11. GCN-Nieuwegein II
De belangrijkste rechtsoverwegingen uit onderhavig arrest zijn de volgende.
, Het gaat hier om een vordering tot nakoming van een op een overheidslichaam rustende verbintenis
uit een overeenkomst; deze vordering dient door de burgerlijke rechter te worden beoordeeld.

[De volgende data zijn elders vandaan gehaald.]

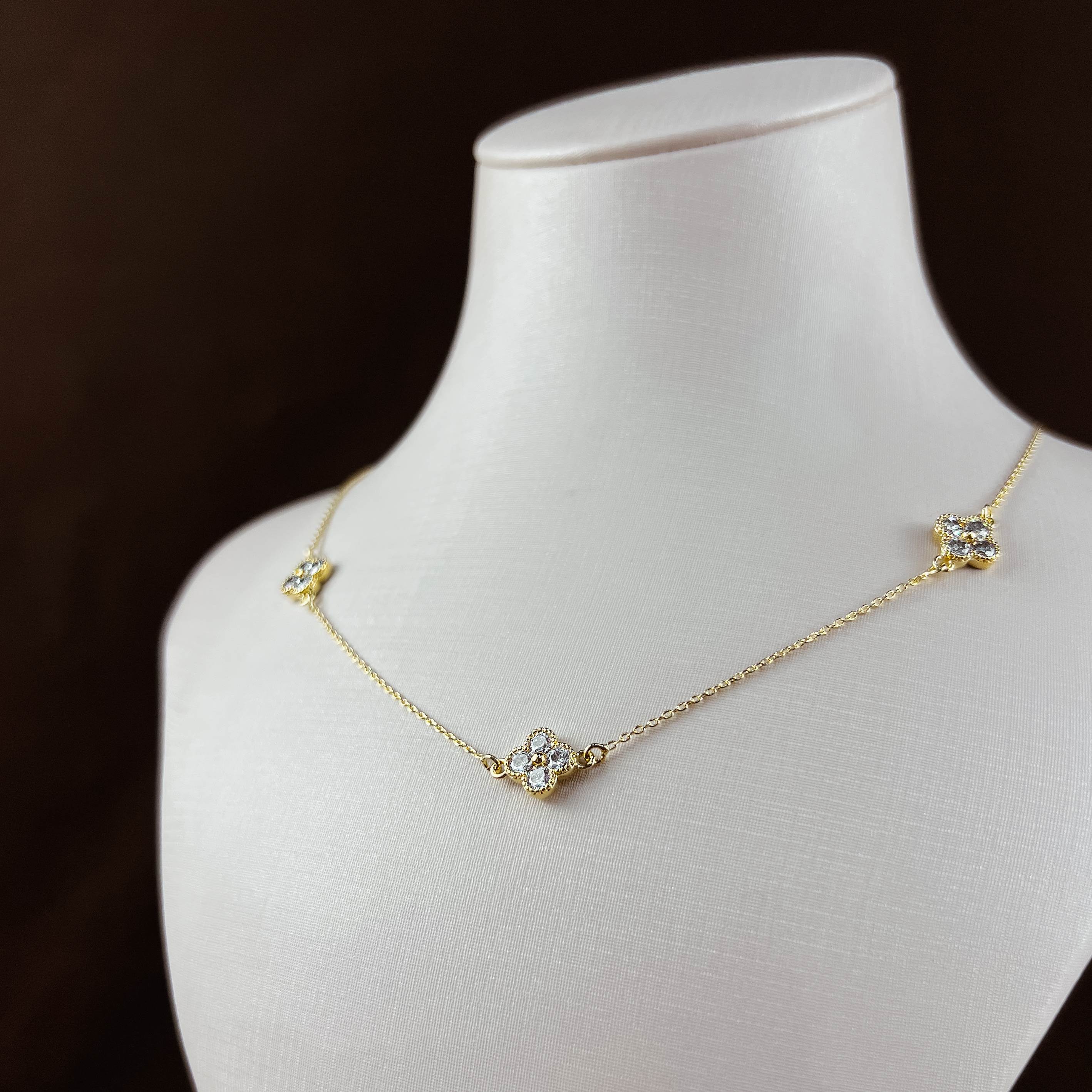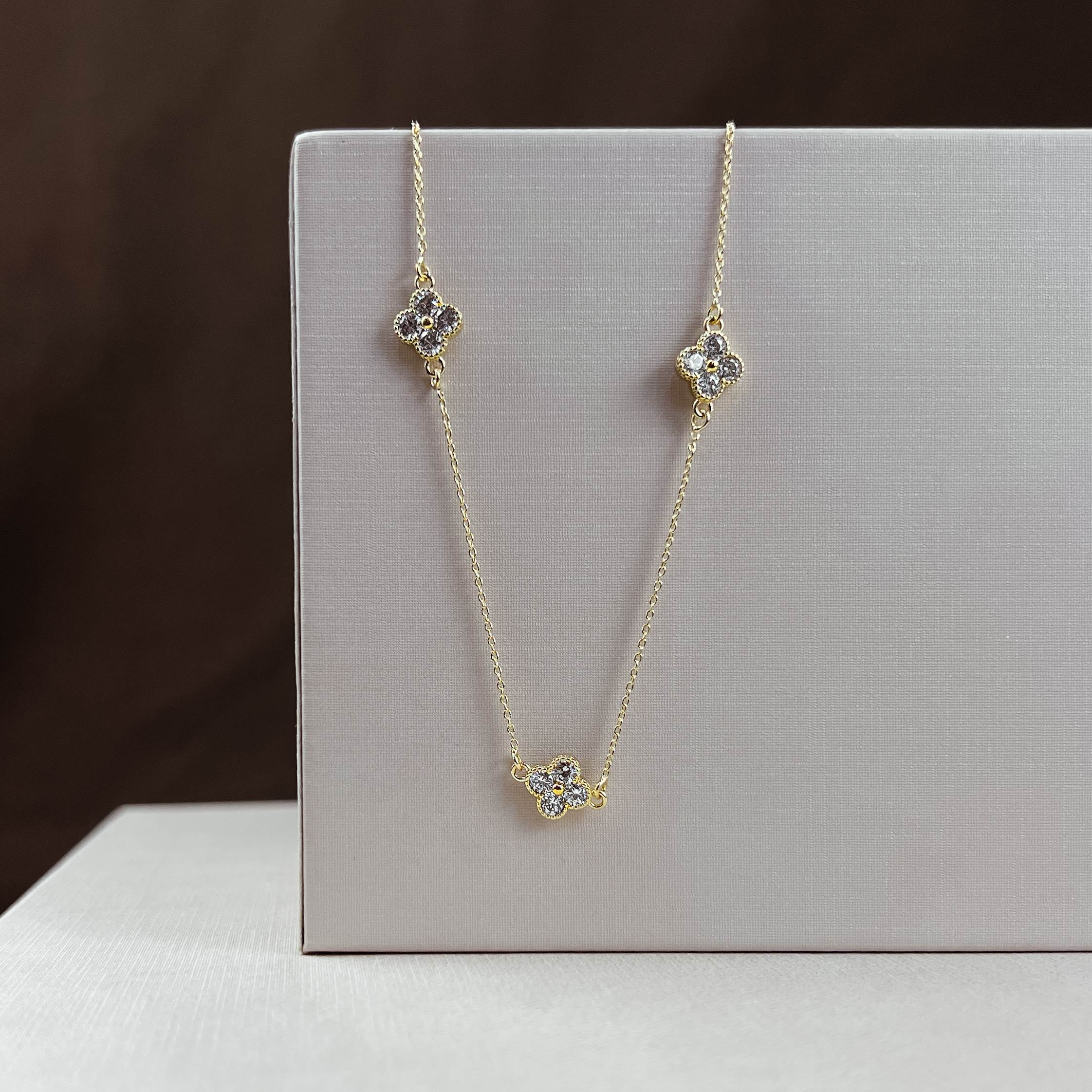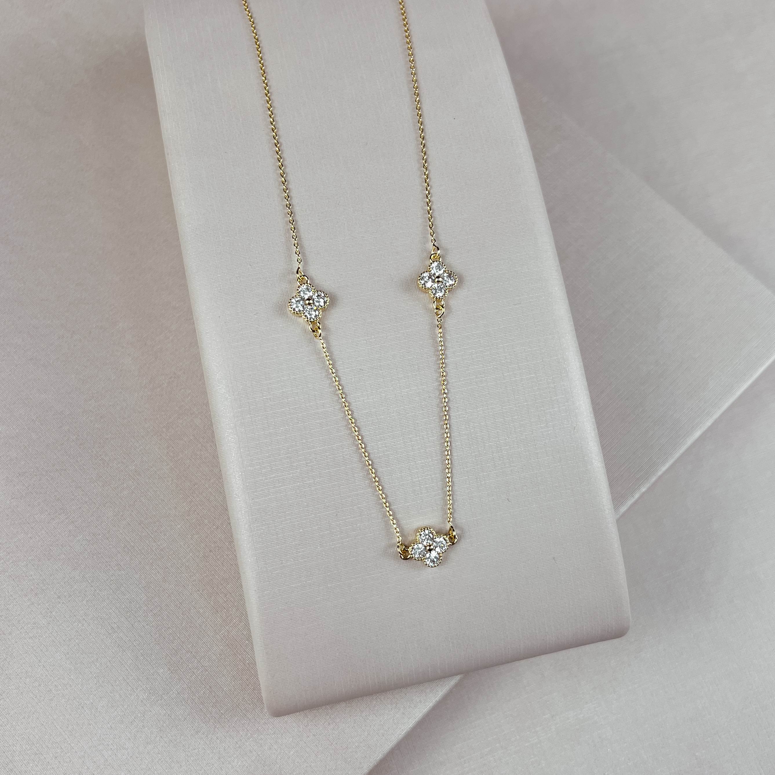 Colar entremeio trevos cravejados 8mm corrente cadeado 45cm com alongadora

Niet uitgesloten is dat een zodanige vordering moet worden afgewezen, en de wederpartij genoegen
moet nemen met schadevergoeding, op grond van onvoorziene omstandigheden die van dien aard
zijn dat de wederpartij naar maatstaven van redelijkheid en billijkheid ongewijzigde instandhouding
van de overeenkomst niet mag verwachten. Dit zal in het bijzonder kunnen worden aangenomen,
wanneer voor deze uitkomst in het licht van die omstandigheden – waaronder ook nieuwe, niet in de
overeenkomst verdisconteerde inzichten die tot een beleidswijziging nopen, kunnen zijn begrepen –
voldoende rechtvaardiging bestaat. Daarbij zal onder meer moeten worden gelet op de aard van de
overeenkomst, de aard van de overheidstaak op de uitoefening waarvan het overheidslichaam zich
beroept, en, wanneer het om een beleidswijziging gaat, op de aard en het gewicht van de
maatschappelijke belangen die met die beleidswijziging zijn gediend.
Bij het antwoord op de vraag of dit geval zich voordoet, gaat het echter – anders dan het hof heeft
geoordeeld – niet om hetgeen waarvan aannemelijk is dat het gerechtvaardigd kan zijn ter uitvoering
van de taak waarop het overheidslichaam zich tegenover de vordering tot nakoming beroept, noch
ook om de belangrijke redenen die er kunnen zijn voor een met de overeenkomst niet te verenigen
beleid. Evenmin kan in dit kader worden volstaan met het aanleggen van de door het hof gebezigde
maatstaf of de gemeente ‘in redelijkheid niet tot’ haar door het hof bedoelde beleid ‘heeft kunnen
komen’. De publiekrechtelijke aard van de onderhavige overeenkomst brengt zulks niet mee, noch
ook de omstandigheid dat het gaat om een aangelegenheid die tot de huishouding van de gemeente
behoorde dan wel deel uitmaakte van de uitvoering van haar publiekrechtelijke taak.